Spring is the season of annual reports. I’ve been anxiously awaiting the new wave of 2012 Annual Reports to analyze and determine the best of the best. (Stay tuned for a follow up blog post on that.)

Back in January, we were asked by a new nonprofit client of ours for a critique of their 2011 annual report and some suggestions for the 2012 edition. As soon as they asked for our input, I thought “geez, with more than 10 years of annual report design and writing experience, I can’t believe we don’t have a white paper on it.” So here it goes.

Before I get to our “Top 10 tips on Nonprofit Annual Report Writing & Design,” I’d like to share some of the experience that got us there. And at the top of our list are the annual reports we created for the USO. Each year had a definitive theme, but what is most impressive is how the creative and copy evolved.

In 2003, as American entered the conflict in Iraq, so did the USO. And the annual report reflected that. The design of the cover purposely broke brand guideline rules by changing the colors of the USO logo to a subdued color scheme to blend in with the camo. The concept was to mimic the subdued American flag on fatigues and uniforms service members wear in conflict zones. The size of the annual report was also purposely an odd size at 5 ½ inches tall x 8 ½ inches wide. It was the size of military manuals that could fit in the cargo pockets of uniforms.

As the USO celebrated their 65th anniversary in 2005, the organization was looking forward by celebrating the past. Although the war and the needs of the troops were different from past wars, the basics the USO provided stayed the same. Each section of the 2005 annual report started with a “then and now” photo comparison. Through pictures it showed that even though the faces, the uniforms and the places changed, their needs didn’t; they still appreciated the use of USO centers while traveling with free food and drink, mobile canteens provided the same goodness and the troops always found respite and rejuvenation in entertainers that came to visit and perform. (Click the images below to see the images much larger.)

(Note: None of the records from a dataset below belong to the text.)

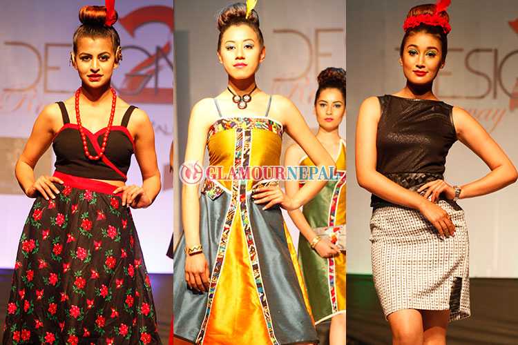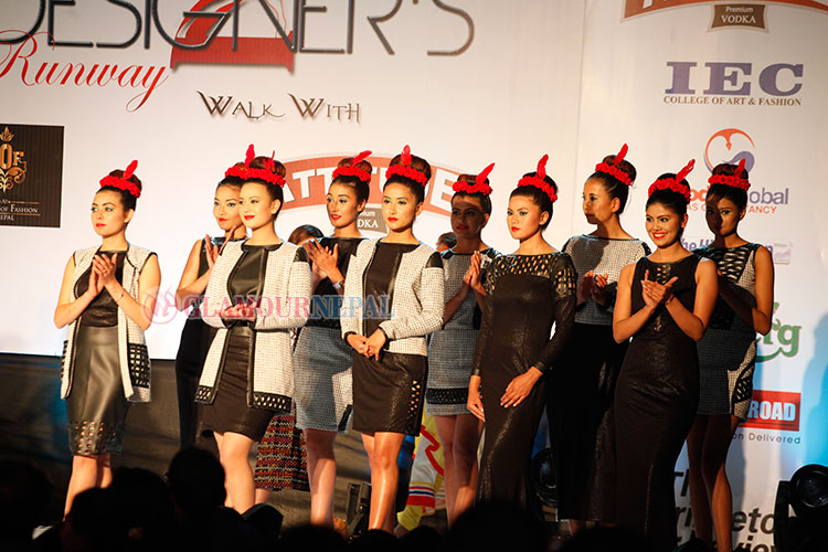 Designer duo Rikesh Kasti & Chandra Rajbanshi presented the collection inspired by Mithila art which had dresses mostly on A line, straight and fitting dresses. Black and White came alive on the runway through creation by designer duo Puja Gurung & Reshma Maharjan whose collection was inspired the Chess. The only designer to showcase his solo collection was Niraj Prajapati whose creativity seemed to be futuristic under the theme named Robobikes which had multi wear transformer clothes as the primary content of his collection. Designer duo Nirajana Rana Magar & Ishwar Khatri presented unique combination of gothic culture and Japanese Lolita fashion named as Gothlita.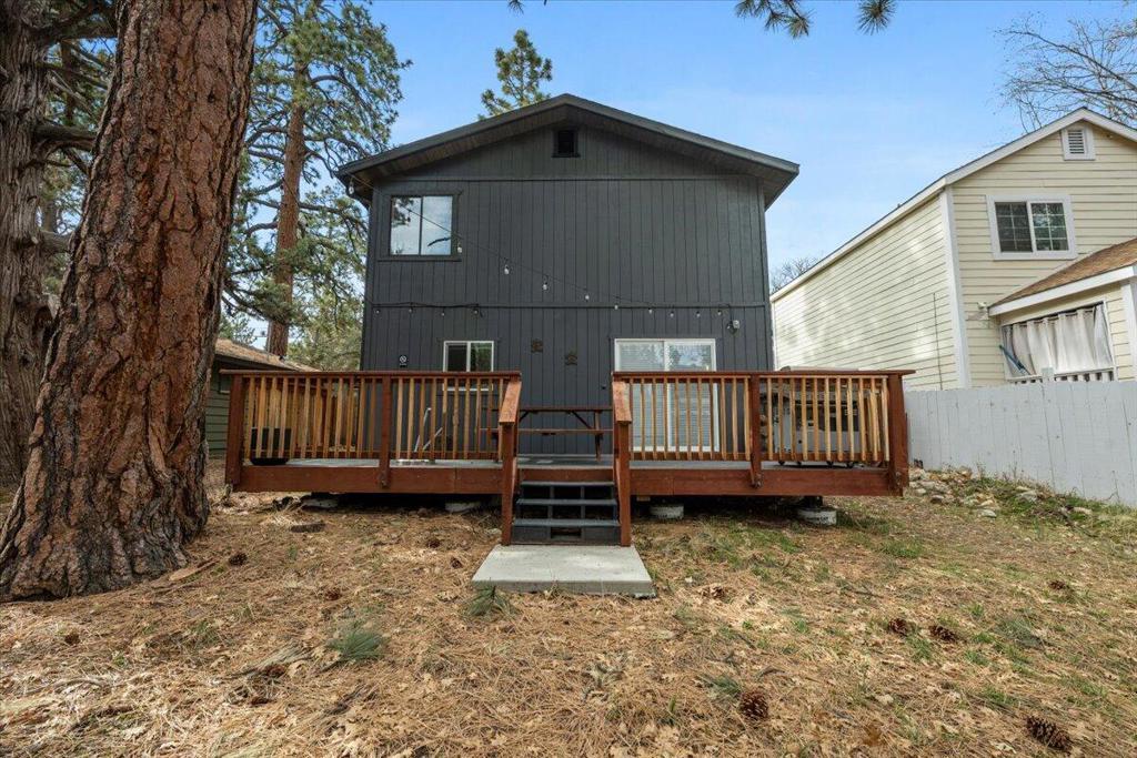 Wow! Unique opportunity with this beautifully remodeled 2 bed, 1 bath -AND- a newly constructed and permitted 1 bed, 1 bath AUD unit below. The ADU has its own electric meter and address. Would be great for a full-time rental situation or mother-in-law suite! Upstairs in the main home, you will find a light and bright open floor plan living space, a completely remodeled kitchen with stainless appliances and a gorgeous kitchen island. Great space for entertaining! Relax and enjoy the beauty of Big Bear from your west facing upper deck out the kitchen/ dining area. Down the hall you'll find 2 beautiful bedrooms and 1 fully remodeled full bathroom. It's gorgeous and turnkey, ready to enjoy! * Below, around the right side of the home outside, at the first-floor level, you will find the brand new permitted ADU unit with its own separate entrance and large back deck to enjoy the fresh mountain air and morning sunshine. Completely remodeled 1 bed, 1 bath, with stainless appliances and tastefully decorated. Also turn-key and ready to enjoy! And don't forget the large two car attached garage with laundry. A true gem! Must check it out!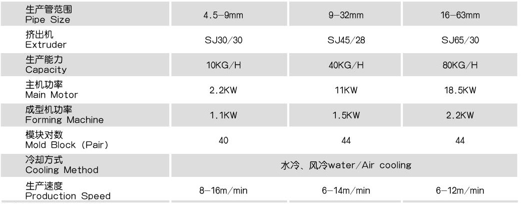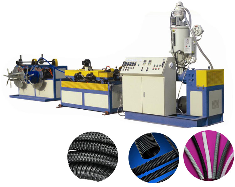 該機(jī)主要以PVC、PP、PE為原料生產(chǎn)小口徑單壁波紋管。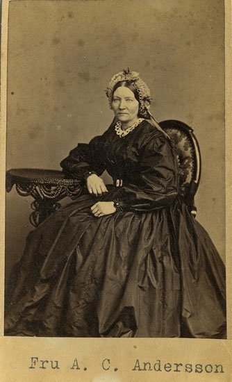 Text på kortets baksida: "Fru Anna Christina Andersson f Renström. Gift med Carl Henrik Andersson i hans andra gifte. Donation med mannen h?46 af 20/11 1879 till U-a stads fattiga samt efter mannens död donation h? 54 af 27/3 1884".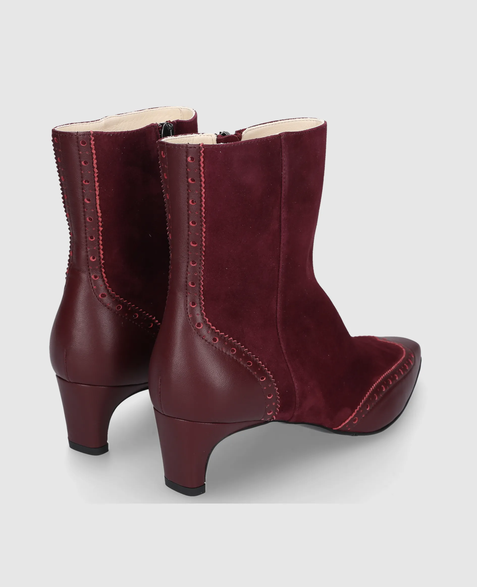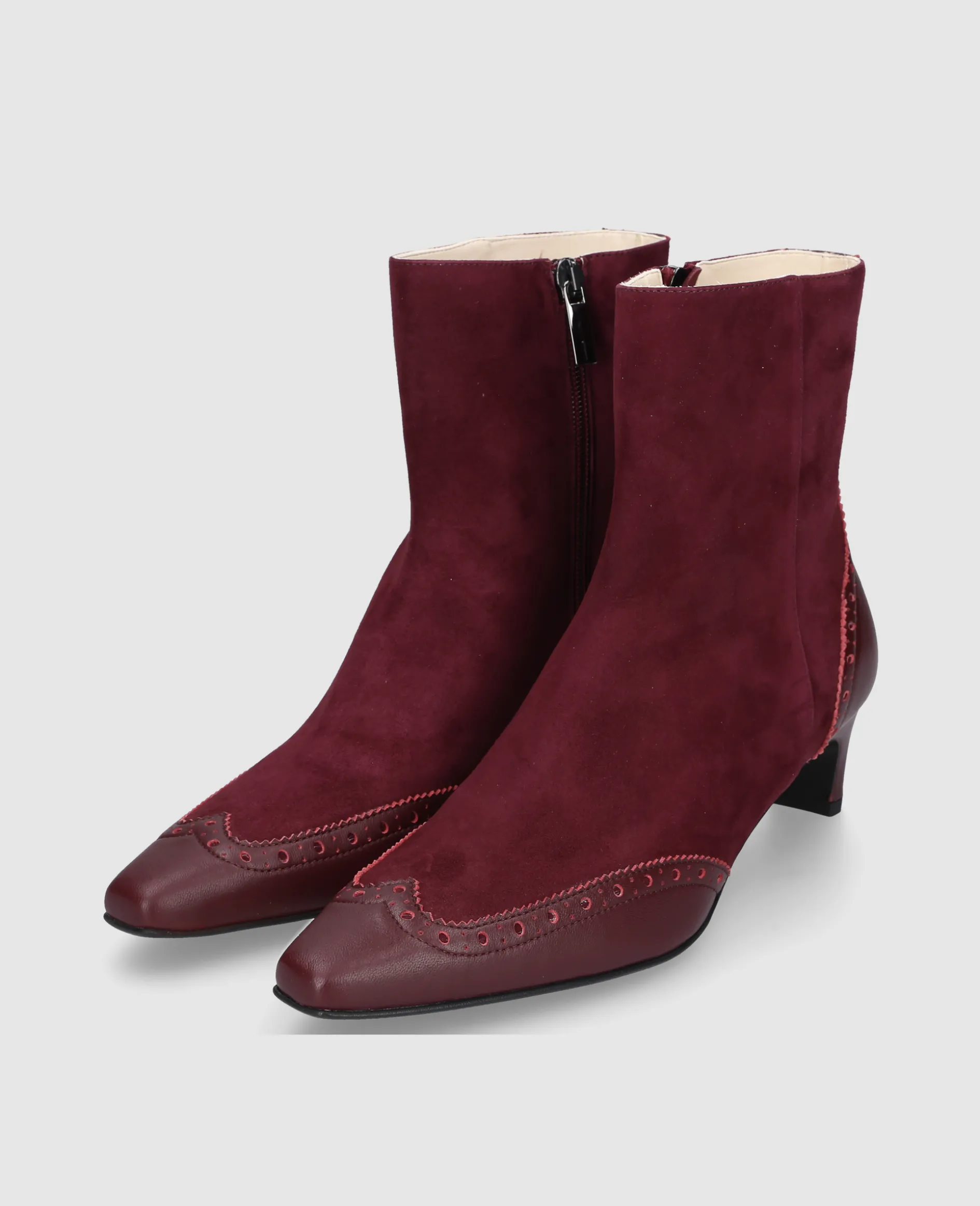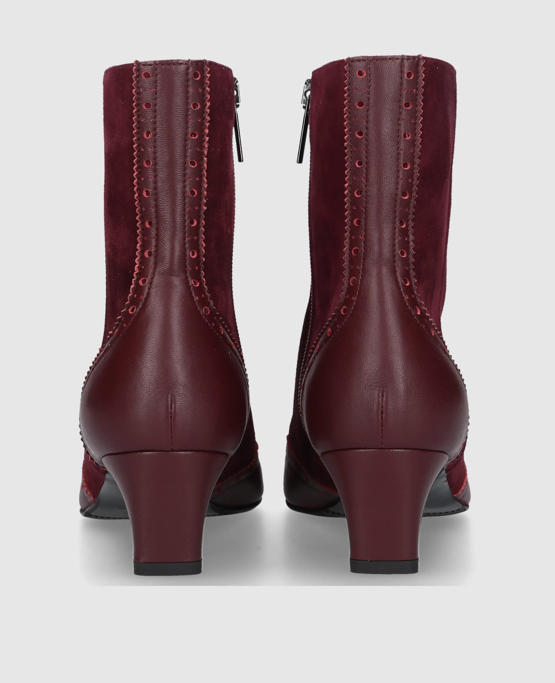 Der Madison ZB40 in Bordeaux kombiniert glattes Ziegennappa mit weichem Veloursleder und überzeugt mit einer markanten Optik. Der 4 cm hohe Absatz verleiht der Stiefelette eine moderne Silhouette und ein seitlicher Reißverschluss erleichtert den Einstieg. Innen sorgen Bioleder und ein gepolstertes Memoryfoam-Fußbett für angenehmen Tragekomfort. Gefertigt in Italien.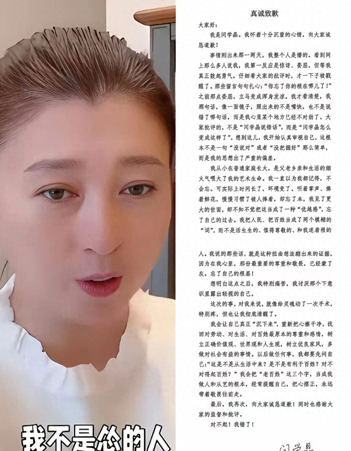 就在这时,闫学晶终于“折腰”了。1月11日晚,她在一又友圈发了篇手写长文,怀着“千里重的心思”憨厚谈歉,说我方是世俗家庭出来的孩子,一时朦拢忘了根基,还把之前骂东谈主的“酸黄瓜”改成了“老匹夫”,应允以后要多作念对社会有意的事情。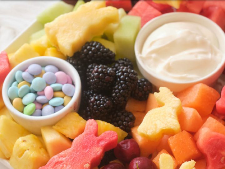 Candies aren’t the only sweets that can fit an Easter theme. Use cookie cutters to offer up fruits in various Easter shapes for this board.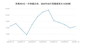 2024年11月,极氪001销量为6603辆,同比下降2.19%,环比增长12.49%。2023年11月-2024年11月份,极氪001销量为107020辆,同比增长18.11%。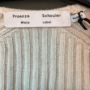 Proenza Schouler White Label Cream Scoop Neck Sweater. Plaited Rib Scoop Neck Sweater is woven in off-white and cream yarns that create a two-tone effect. Ribbed-knit construction. Scoop neck. Long sleeves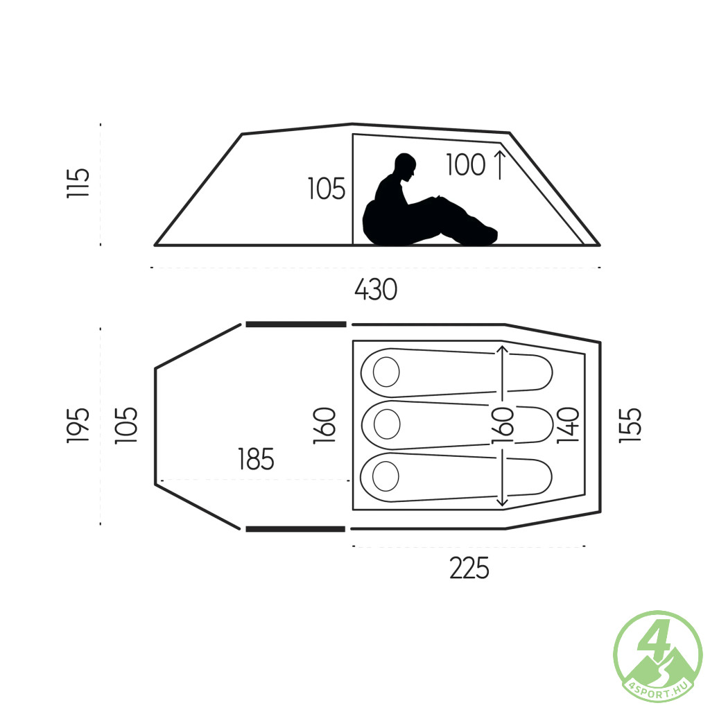 - Szerkezet: külső és belső sátor összekapcsolt, együtt állítható rendszer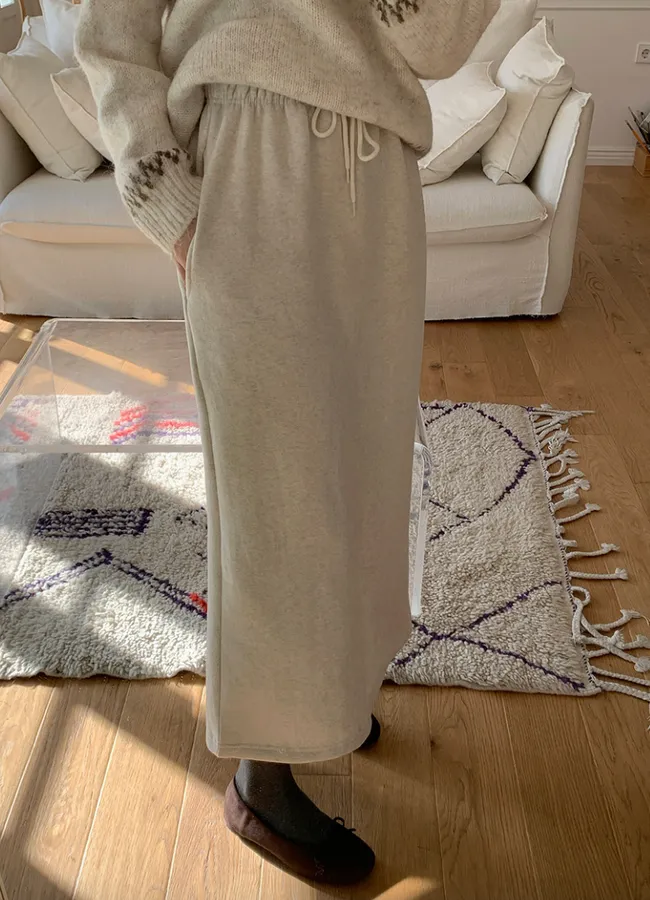 冬季溫暖舒適綁帶收腰H剪裁後開衩中長裙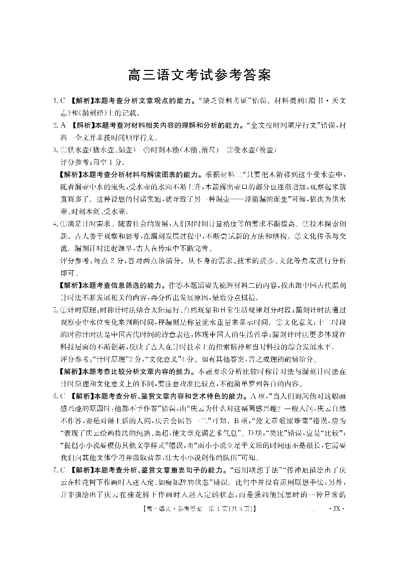 金太阳·江西省2026届高三上学期8月百万大联考 语文答案.pdf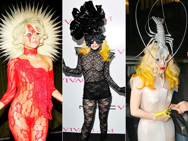 Singer lady Gaga with different styles of garments, from extreme to extreme.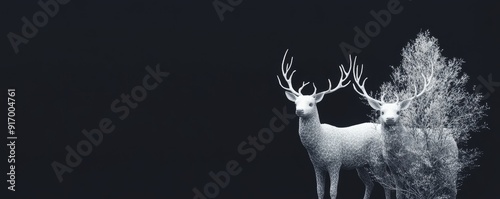 © Aris Suwanmalee, Obraz premium A white deer with large antlers stands in front of a dark background.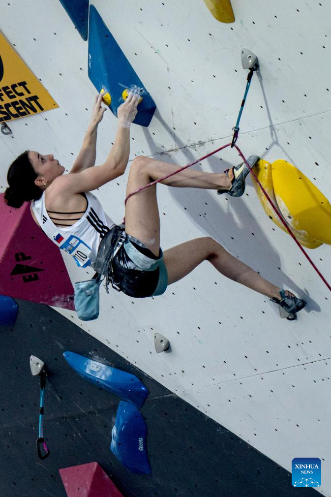 Rosa Rekar of Slovenia competes during the women's lead qualification at the IFSC Climbing World Cup Bali 2025 in Bali, Indonesia, May 2, 2025. (Photo by Dicky Bisinglasi/Xinhua)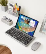 Amazon Basics Wireless Keyboard and Mouse Set with Bluetooth multiconnect, 2.4GHz Receiver,1600 DPI, Smartphone/Tablet Holder, Built in Rechargeable Battery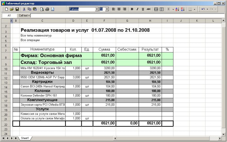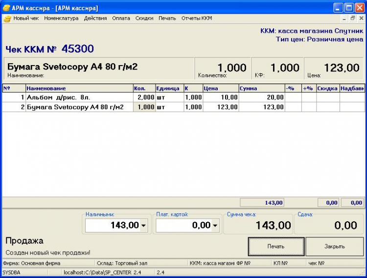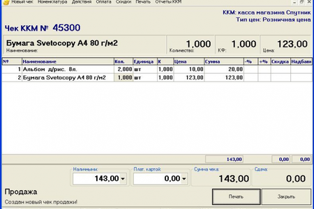 Автоматизация торговли Автоматизация деятельности малого предприятия с применением различного торгового оборудования, контрольно кассовой техники (в том числе ON-Line). Фиксация выполняемых операций в единой базе, анализ деятельности, гибкий настраиваемый интерфейс, позволяющий трансформировать основную программу в индивидуальное рабочее место, создавая на базе единого комплекса различные пользовательские интерфейсы. Например: Рабочее место менеджера (оператора, бухгалтера), рабочее место кассира, официанта (бармена), приемщика сервисного центра по ремонту электроники и др.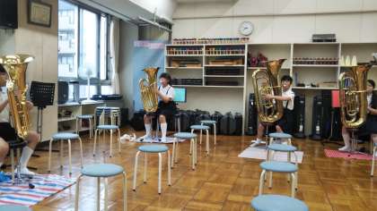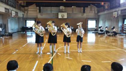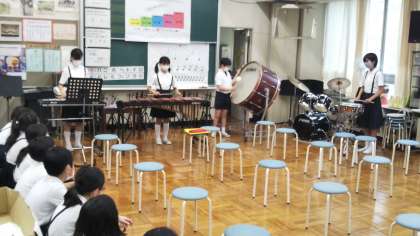 新入部員体験入部での楽器紹介。ユーフォニウム、チューバ、パーカッションの様子です。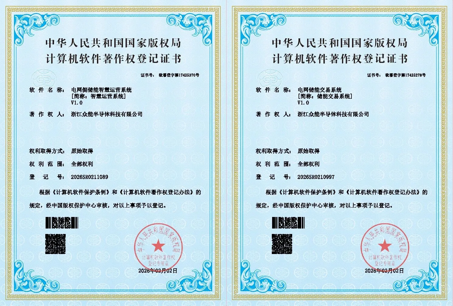 在电网侧储能项目加速落地的当下,高效运维与市场收益兑现仍是行业普遍面临的挑战。浙江众能半导体近日完成《电网侧储能智慧运营软件V1.0》与《电网侧储能市场化交易软件V1.0》的自主研发,相关成果已获国家计算机软件著作权登记,并在实际项目中完成初步验证。这一成果不仅标志着公司在能源数字化核心技术领域的持续突破,更意味着其为电网侧储能资产提供的智能化解决方案已形成完整闭环,具备可复制、可验证的商业落地能力。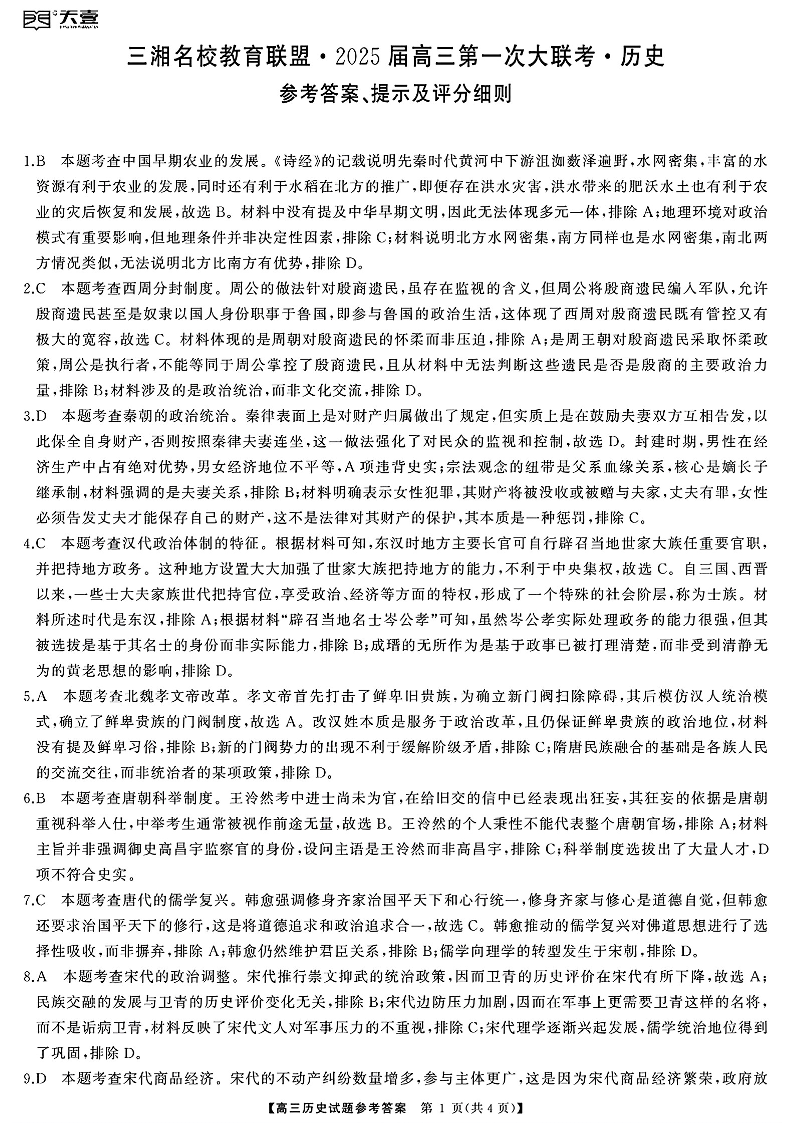 天壹名校联盟&三湘名校教育联盟2025届高三第一次联考+历史答案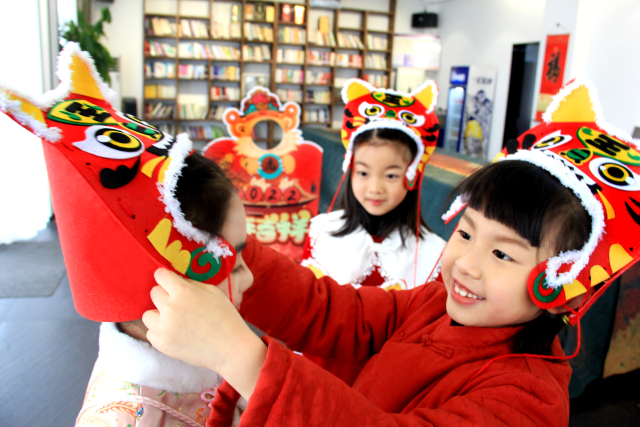 1月24日,在安徽省淮北市圖書館流動圖書服務(wù)點隋唐運河古鎮(zhèn)相山書院,孩子們戴上創(chuàng)意虎頭帽。周方玲 攝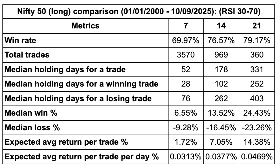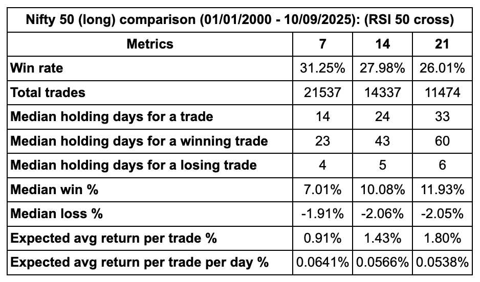 For RSI 50 Cross, a 7-period RSI gave the best daily returns, thanks to faster signal generation and shorter holding periods. This suits traders seeking more frequent opportunities.

The theme of the 2005 annual report focused on memorabilia. After photographing the USO’s collection (boxes and boxes of stuff) they became the main imagery throughout the book.

Rich Park, our Creative Director, is known for his clean design. The saying “he isn’t afraid of white space” doesn’t even apply – he thinks white space is key and encouraged it throughout the 2008 annual report. With so much for the USO to report on, he wanted clear and emotional pictures to be the anchors of the book. Like in 2005, we took crisp and close-up photos of “things” that represented the USO’s service to the troops.

By 2009, the US was at the height of war. And the sacrifices of our troops were becoming ever clearer. That is why we encouraged the USO to move away from the typical “report” and instead let the troops tell the story of the USO in their own words. Each story was personal and accompanied by a close up of each storyteller. It’s almost as if the words jump off the page.

Needless to say, when asked, we had a lot of pointers for effective, engaging and beautiful Annual Report design. You can download a full list of tips and explanations. Click here for the 2-page PDF download. Here’s the top 10:

  1. Consider all types of readers
  2. Tell your story
  3. Cut down your content
  4. Use Emotion
  5. Invest in good imagery
  6. Don’t be afraid of white space
  7. Ditch the table of contents
  8. Don’t print
  9. Turn numbers into graphics
  10. Avoid standard layouts

We also identified some of examples of our best practices and included them in our white paper. Be sure to check out our top 3:

  1. The Silkroad Project: Definitely not your run-of-the-mill annual report. Displayed as an e-brochure, it communicates what they’ve been up to using embedded YouTube videos, a photo slideshow, pop-up quotes and an interactive timeline.
  2. Volunteer Match: A simple, yet first-of-its-kind, annual report in Prezi.
  3. Austin Children’s Shelter: I love when brands connected with youth express it through design.